Quote the data below in full, minus the images.

- - - - -

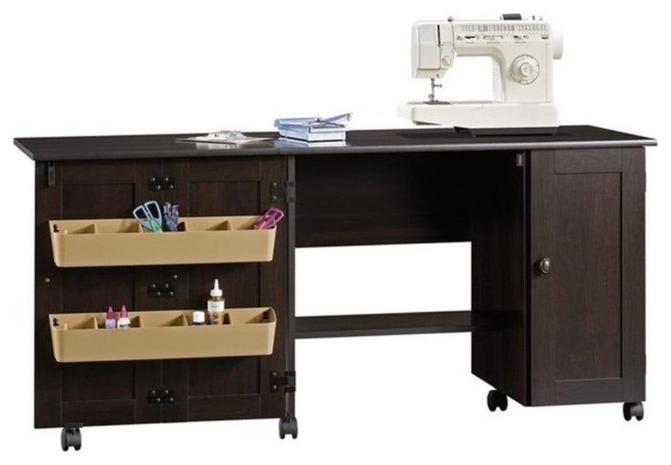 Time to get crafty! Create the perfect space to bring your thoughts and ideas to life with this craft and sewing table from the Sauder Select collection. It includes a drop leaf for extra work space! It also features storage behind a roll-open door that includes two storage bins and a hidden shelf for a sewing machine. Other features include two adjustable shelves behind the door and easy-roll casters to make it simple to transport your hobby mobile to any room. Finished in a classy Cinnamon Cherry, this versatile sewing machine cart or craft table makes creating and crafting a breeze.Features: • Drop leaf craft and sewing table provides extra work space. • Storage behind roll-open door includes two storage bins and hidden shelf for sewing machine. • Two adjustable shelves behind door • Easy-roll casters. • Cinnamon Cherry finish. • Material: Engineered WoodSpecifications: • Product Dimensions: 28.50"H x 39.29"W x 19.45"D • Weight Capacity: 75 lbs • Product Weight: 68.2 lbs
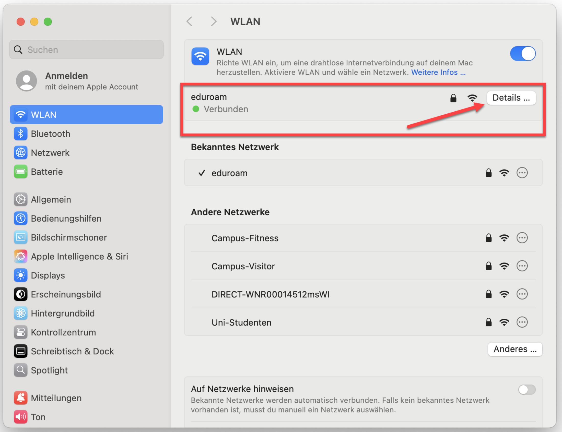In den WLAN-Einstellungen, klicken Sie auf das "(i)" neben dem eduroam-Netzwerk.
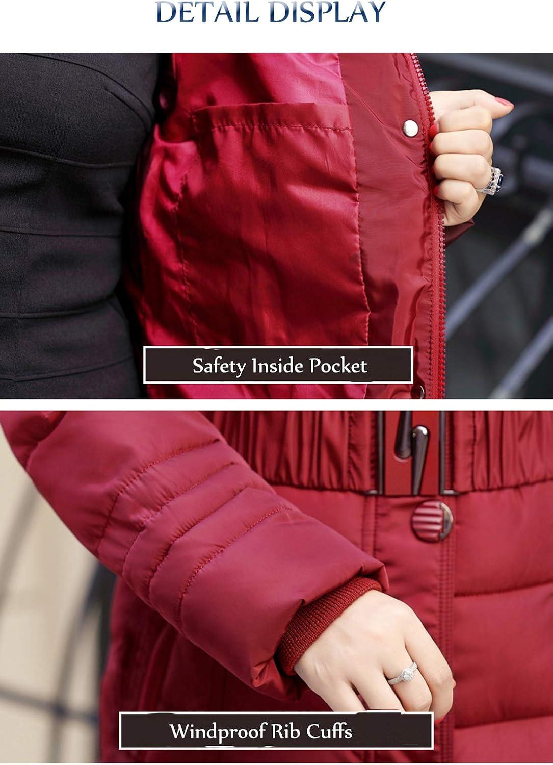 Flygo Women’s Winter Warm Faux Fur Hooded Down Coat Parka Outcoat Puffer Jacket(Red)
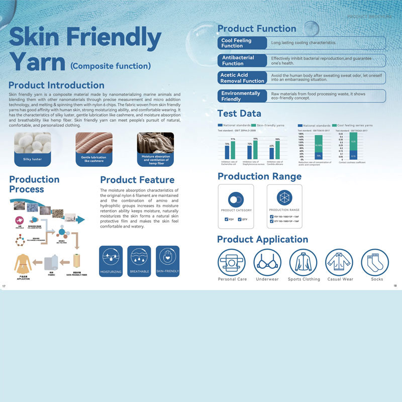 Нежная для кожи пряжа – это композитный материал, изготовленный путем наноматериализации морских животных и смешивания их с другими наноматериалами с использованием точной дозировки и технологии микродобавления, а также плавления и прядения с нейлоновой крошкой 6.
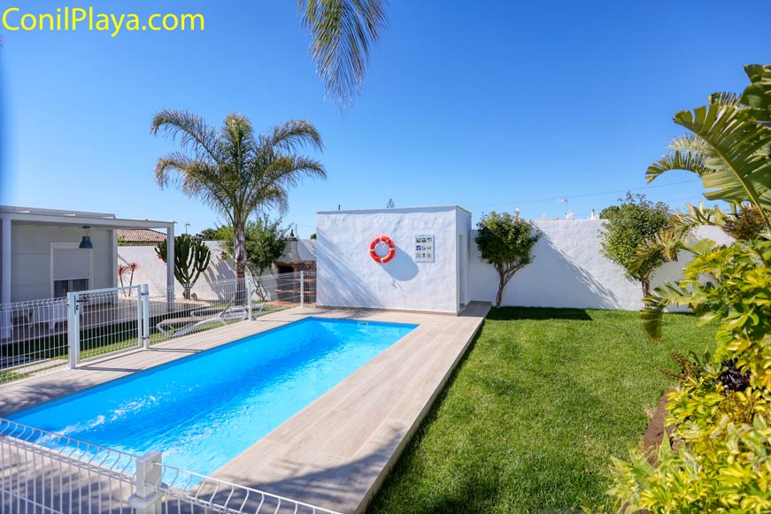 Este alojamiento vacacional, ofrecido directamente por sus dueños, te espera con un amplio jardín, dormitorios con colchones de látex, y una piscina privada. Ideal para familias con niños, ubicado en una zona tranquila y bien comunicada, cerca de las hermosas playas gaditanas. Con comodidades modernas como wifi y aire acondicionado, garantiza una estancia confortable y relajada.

- - - - -

#### Completed task
 Time to get crafty! Create the perfect space to bring your thoughts and ideas to life with this craft and sewing table from the Sauder Select collection. It includes a drop leaf for extra work space! It also features storage behind a roll-open door that includes two storage bins and a hidden shelf for a sewing machine. Other features include two adjustable shelves behind the door and easy-roll casters to make it simple to transport your hobby mobile to any room. Finished in a classy Cinnamon Cherry, this versatile sewing machine cart or craft table makes creating and crafting a breeze.Features: • Drop leaf craft and sewing table provides extra work space. • Storage behind roll-open door includes two storage bins and hidden shelf for sewing machine. • Two adjustable shelves behind door • Easy-roll casters. • Cinnamon Cherry finish. • Material: Engineered WoodSpecifications: • Product Dimensions: 28.50"H x 39.29"W x 19.45"D • Weight Capacity: 75 lbs • Product Weight: 68.2 lbs
In den WLAN-Einstellungen, klicken Sie auf das "(i)" neben dem eduroam-Netzwerk.
 Flygo Women’s Winter Warm Faux Fur Hooded Down Coat Parka Outcoat Puffer Jacket(Red)
 Нежная для кожи пряжа – это композитный материал, изготовленный путем наноматериализации морских животных и смешивания их с другими наноматериалами с использованием точной дозировки и технологии микродобавления, а также плавления и прядения с нейлоновой крошкой 6.
 Este alojamiento vacacional, ofrecido directamente por sus dueños, te espera con un amplio jardín, dormitorios con colchones de látex, y una piscina privada. Ideal para familias con niños, ubicado en una zona tranquila y bien comunicada, cerca de las hermosas playas gaditanas. Con comodidades modernas como wifi y aire acondicionado, garantiza una estancia confortable y relajada.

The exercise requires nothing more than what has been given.